15. EXPORT AND IMPORT CONTROLS:
This order may involve articles, technical data or software that is subject to export control and Buyer must comply with all applicable U.S. Export Laws and Regulations, including the Arms Export Control Act (22 U.S.C. 2778), International Traffic in Arms Regulations (22 C.F.R. 120-130), and Export Administration Regulations (15 CFR 730-774). Buyer acknowledges and agrees that the ultimate destination of the Product/Services is in the United States and that it is a US Person as defined by the ITAR, unless otherwise agreed to in writing. Buyer shall not authorize or permit its employees, distributors, Buyers, brokers, freight forwarders, and/or agents to export or re-export any of the Product/Services to any foreign person without complying with applicable export and import laws and regulations of Buyer’s country and of the United States, including the International Traffic in Arms Regulations (ITAR) and the Export Administration Regulations (EAR). Buyer agrees to obtain and properly utilize U.S. Government export authorization prior to exporting or re-exporting the Product/Services, either in their original form or after being incorporated into other end-items. Buyer agrees to defend, indemnify and hold harmless COMPANY from and against any claim, loss, liability, expense or damage (including liens or legal fees) incurred by COMPANY with respect to any of Buyers export or re-export activities contrary to the Export & Import Controls provisions stated herein.
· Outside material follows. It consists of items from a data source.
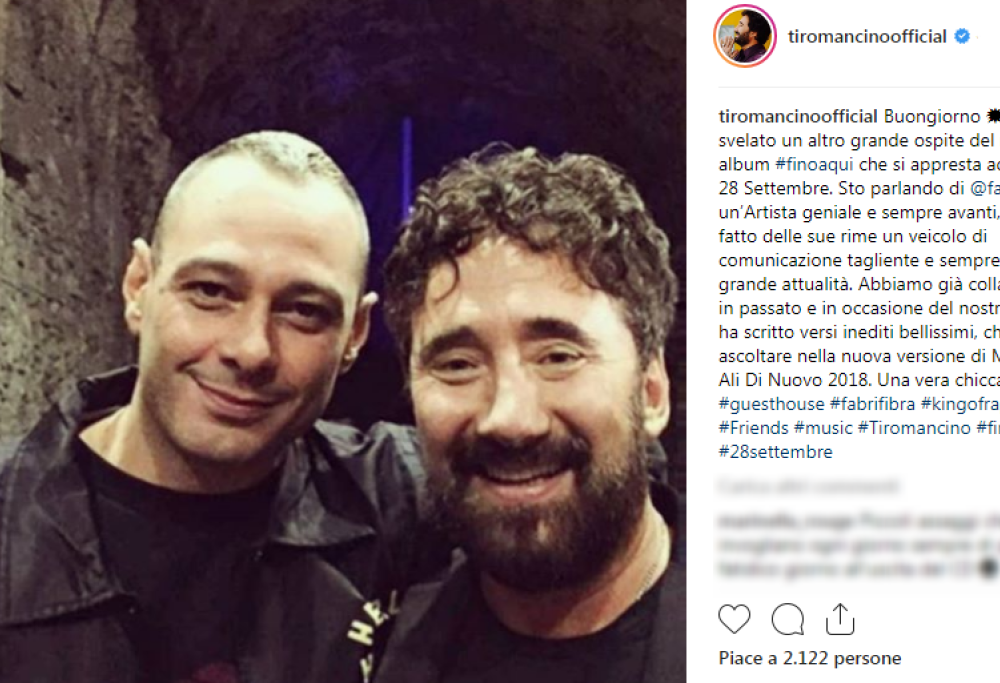Ci sarà anche Fabri Fibra nel nuovo album dei Tiromancino. Il duetto è stato annunciato sui profili social della band romana: “Vi svelo un altro grande ospite di Fino a qui, Fabri Fibra! Un’artista geniale e sempre avanti! Abbiamo già collaborato in passato ma in occasione del nuovo album ha scritto versi inediti bellissimi che potrete ascoltare sulla nuova versione di Muovo le ali di nuovo“, canzone inserita nel loro album La descrizione di un attimo. I due avevano collaborato ad Incomprensioni, primo singolo estratto dall’album Chi vuole essere Fabri Fibra?. Ve la ricordate?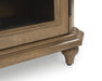 This lovely accent cabinet is a masterful blend of classic charm and practicality. A light brown finish and arched glass panel doors create a timeless look, while the spacious drawers and adjustable shelves offer versatile storage options. Convenient openings in the back for electronics keep those ugly cords out of sight.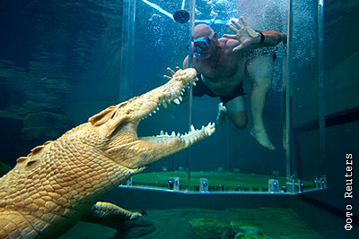 В океанариуме "Сrocosaurus Сove" открылся необычный аттракцион. Желающих помещают в стеклянную клетку и погружают в бассейн с огромным морским крокодилом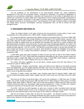 In the current realities, despite the foreign policy sanctions pressure, Russia continues to increase the production capacity of the agro-industrial complex. According to the estimates of the Ministry of Agriculture of Russia, in 2022 the planned values of self-sufficiency level provided for by the project “Development of Agroindustrial Complex Sectors” will be reached or exceeded for grain - 177.8%, sugar - 103.2%, vegetable oil - 211.1%, meat and meat products - 100.9%, fish and fish products - 153.3%. Own sustainable grain production is an important factor of the country’s food security. According to Rosstat, in 2022 a record gross grain harvest was obtained - 157.7 million tons in weight after tillage, which is 29.9% higher than the 2021 harvest (121.4 million tons). For the first time in Russia’s history, a record 104.2 million tons of wheat was harvested, which is 37.1% more than in 2021 (76.1 million tons). Approved in September 2022, the “Strategy for the development of the agro-industrial and fishery complexes of the Russian Federation for the period until 2030” is aimed at ensuring long-term and prospective development of the country’s agro-industrial complex.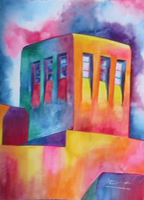 "Meem's Tower (Mesa Vista Hall, UNM)" • 30x38 framed • Watercolor on Paper • Private Collection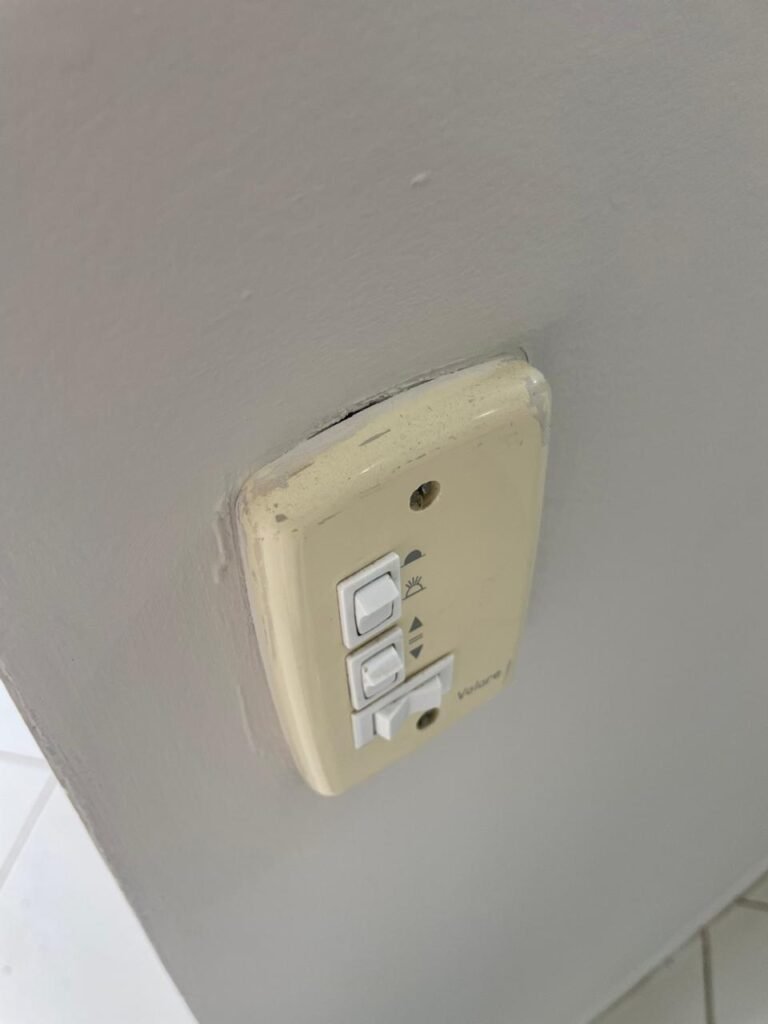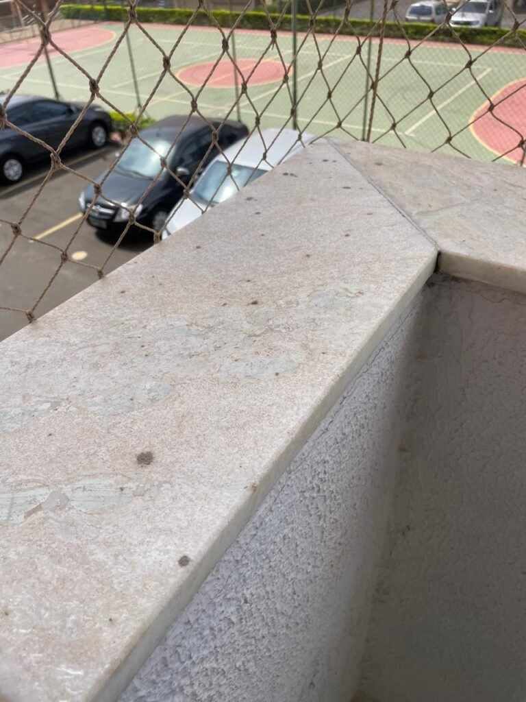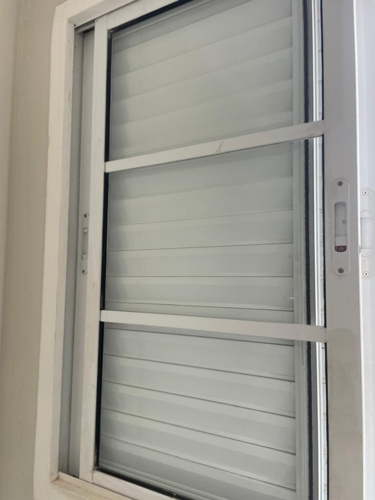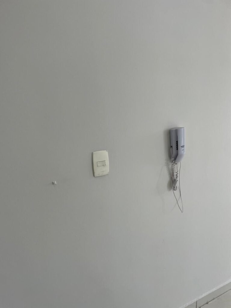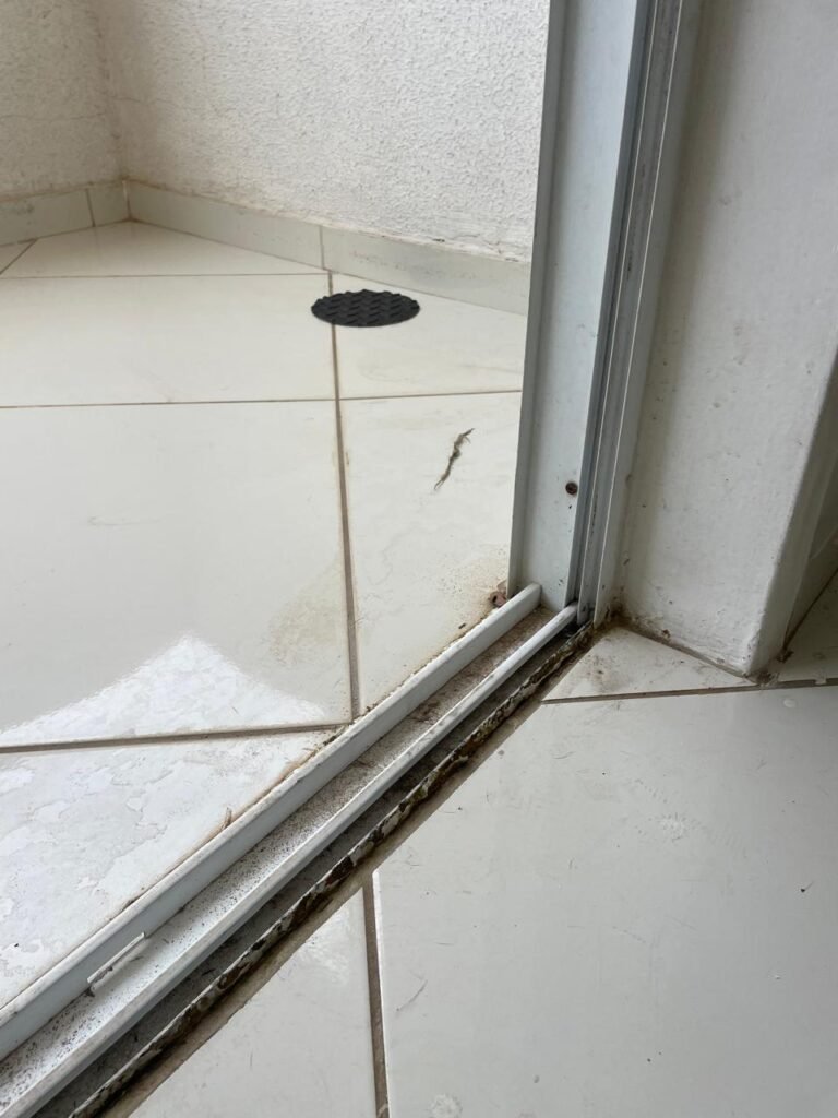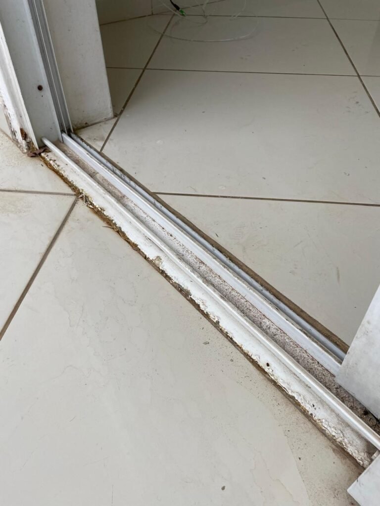 SALA-: Retirar sujeira de tinta do piso, rodapés e interruptores, conserto de 01 trava da veneziana que não está trancando, interfone sujo de tinta também, trilhos de alumínio da porta de correr está todo corroido, com ferrugem, uma porta não desliza direito, e ambas portas estão com as travas danificadas.

Buyer agrees to notify COMPANY immediately if Buyer is listed in any Denied Persons List, Entity List, or Specially Designated Nationals List, or if Buyer’s export privileges are otherwise denied, suspended or revoked in whole or in part by any U.S. Government entity or agency.
16. PATENT INFRINGEMENT:
COMPANY reserves the right to discontinue deliveries of any material, the manufacture, sale or use of which in COMPANY'S opinion would involve patent infringement. Buyer shall indemnify and hold harmless the COMPANY, its successors and assigns and affiliates against and from any and all damages, claims, and judgments for damages and costs arising out of any suit alleging infringement of any U.S. or foreign patent or trademark by the goods supplied by COMPANY under this order made in accordance with any design and/or specification furnished by Buyer to COMPANY; and Buyer shall, if COMPANY desires, defend COMPANY, at Buyer's expense in any such suits for alleged infringement.
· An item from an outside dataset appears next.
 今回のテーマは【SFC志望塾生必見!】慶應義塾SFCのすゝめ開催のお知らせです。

17. ASSIGNMENT AND APPLICABLE LAW:
Except to a successor-in-interest, neither party shall assign this Order without the prior written consent of the other party. This contract shall be governed by, and construed in accordance with, the laws of the State of Massachusetts without the application of conflict of laws principles. COMPANY shall have the right to collect from Buyer its reasonable expenses, including attorneys’ fees, incurred in enforcing this Order. The rights and obligations herein shall survive completion of the final payment under this Order.
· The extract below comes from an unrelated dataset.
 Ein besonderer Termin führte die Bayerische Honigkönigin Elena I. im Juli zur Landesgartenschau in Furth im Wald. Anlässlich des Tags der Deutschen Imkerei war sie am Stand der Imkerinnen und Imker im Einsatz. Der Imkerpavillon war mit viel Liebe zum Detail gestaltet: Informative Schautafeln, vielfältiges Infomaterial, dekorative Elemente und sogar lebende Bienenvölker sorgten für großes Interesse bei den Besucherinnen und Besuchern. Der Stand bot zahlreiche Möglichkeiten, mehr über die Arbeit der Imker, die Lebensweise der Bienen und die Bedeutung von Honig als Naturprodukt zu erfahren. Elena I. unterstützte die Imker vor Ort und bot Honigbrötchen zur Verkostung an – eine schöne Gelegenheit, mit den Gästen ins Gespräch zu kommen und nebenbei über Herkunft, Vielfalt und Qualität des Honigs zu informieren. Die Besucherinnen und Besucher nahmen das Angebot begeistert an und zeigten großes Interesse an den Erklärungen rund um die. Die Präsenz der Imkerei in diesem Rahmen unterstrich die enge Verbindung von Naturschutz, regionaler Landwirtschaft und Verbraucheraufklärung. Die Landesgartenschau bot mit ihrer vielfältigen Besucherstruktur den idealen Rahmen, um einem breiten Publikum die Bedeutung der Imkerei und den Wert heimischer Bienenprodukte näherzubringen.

All obligations of confidentiality owed to the COMPANY or its affiliates by Buyer with respect to any materials or information furnished to Buyer subject to such obligations shall remain in full force and effect and nothing herein shall affect such obligations.
Nothing in this Order shall be construed to place the Parties in the relationship of partners or joint ventures, and the Parties shall have no power to obligate or bind the other in any manner whatsoever.
No waiver by COMPANY of any breach of this Order by the Buyer shall be considered as a waiver of the subsequent breach of the same or any other provision.
21. ERRORS SUBJECT TO CORRECTION:
All typographical, stenographic and arithmetical errors are subject to correction.